The Dominion Post (Wellington, New Zealand
December 11, 2003, Thursday
One of his book covers
http://www.tc.umn.edu/~brams007/simak/images/covers_hc/choice.jpg
Michael Barry Hinge, illustrator and graphic designer. B Auckland, August 9,
1931, d Philadelphia, August 2003.
DESPITE success as an illustrator and graphic designer after moving to the
United States 44 years ago, Mike Hinge remained virtually unknown in New
Zealand.
His success included portraits with a distinct pop art influence for the
cover of Time magazine -- Japanese emperor Hirohito in October, 1971 and
Richard Nixon, as the Watergate crisis deepened, in November 1973.

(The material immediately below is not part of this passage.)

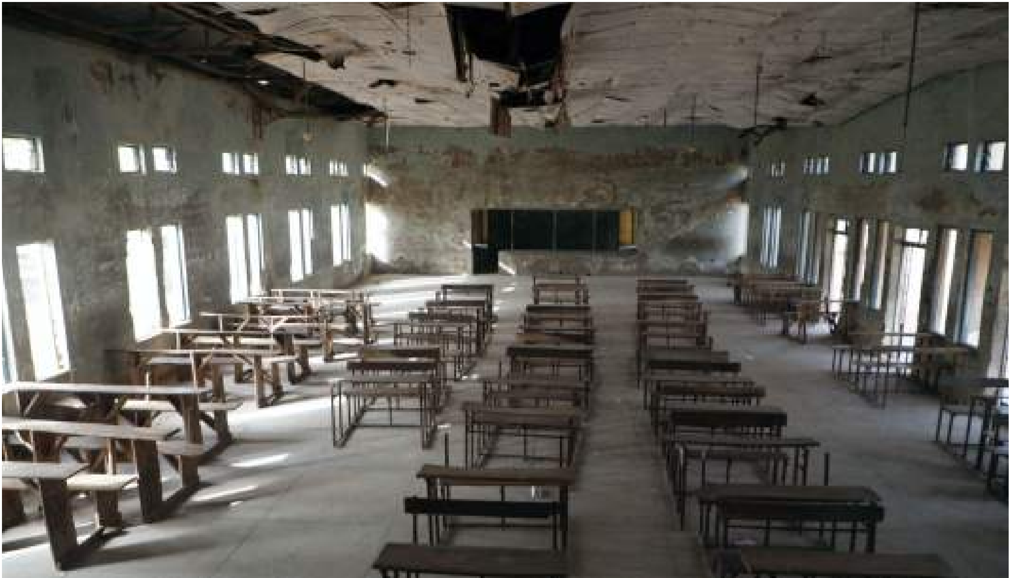
an empty classroom

The artwork for both covers are now held by the Smithsonian. Film-maker
Stanley Kubrick hired Hinge to design a "cryogenic module" for a display at
cinemas to promote his 1968 movie 2001: A Space Odyssey, but the display was
never constructed.
Hinge illustrated many covers and interiors for American science fiction
magazines Amazing Science Fiction, Fantastic and Analog in the 1970s, as
well as book covers. A comic strip, which he also wrote, appeared in the
graphic magazine Heavy Metal in 1982.
As a professional artist, Hinge was nominated for a Hugo Award -- sci-fi's
most prestigious trophy -- in 1973. New Zealand has featured in the awards
only twice since then, when Peter Jackson's The Fellowship of the Ring won
best dramatic presentation last year and The Two Towers this year. Hinge was
also nominated six times for the Locus Awards bestowed by American sci-fi
news magazine, Locus.
Hinge grew up in a state house in Mission Bay, Auckland. His English father
was a bus driver and his South African mother was a former nurse. Hinge's
twin obsessions were sci-fi and everything American. As a child he would
stay up till 3am, drawing spaceships and futuristic vehicles. By the time he
was a teenager in the late 1940s, he regularly wore a cowboy hat, listened
to the blues and Louis Armstrong and was learning to play jazz trombone.
By the standards of the day, he was a maverick. To the consternation of
audiences at Auckland cinemas, the Americanophile refused to stand when God
Save The King was played before each film. He hated the Union Jack on the
New Zealand flag and suggested a koru design instead.
Hinge studied at Auckland's Elam School of Fine Arts in 1947 and 1948, then
worked as a commercial artist at the Farmers Trading Company and advertising
agencies. In his spare time he helped illustrate several New Zealand amateur
sci-fi publications.
Hinge remained fixated with the US. In 1952, he had applied for a green card
to work there. In 1958, he was granted one and left in June. Until he
boarded a ship to America, the only place he had visited outside Auckland
was Waiheke Island. He enrolled at the Art Center School of Design in Los
Angeles. Commissions included record covers, fashion layouts for JC Penney
and supermarket interiors.
In New York from 1966, Hinge worked in advertising agencies as an art
director and designer. His designs for typefaces and graphics won him
several awards and were exhibited, including a show at the Brooklyn Museum.
A book about his art, The Mike Hinge Experience, was published in 1973, and
his work featured in the anthology The New Visions, in 1982.
Hinge returned home only once. In 1984, his brother Noel, who had won $
333,000 in Lotto's predecessor Golden Kiwi, paid for the trip and bought him
a house in Orewa. But Hinge found the pace too slow and advertising agencies
would not hire him.
He returned to New York the following year and resumed work as a freelance
illustrator. His last professional work was the cover of Amazing Stories in
1993.
Hinge was based in Philadelphia for the past 10 years. He never married,
fearing he couldn't support a family as a freelance artist. He lived alone
and friends became concerned after they had not seen him for several days.
Police broke into his apartment and found his body. He had died of a heart
attack, most likely about a week earlier, around his 72nd birthday. His
ashes were interred in Auckland. -- By Tom Cardy. Sources: N Hinge, N Rowe,
S Meschkow, Locus Online, The Mike Hinge Experience by James Steranko.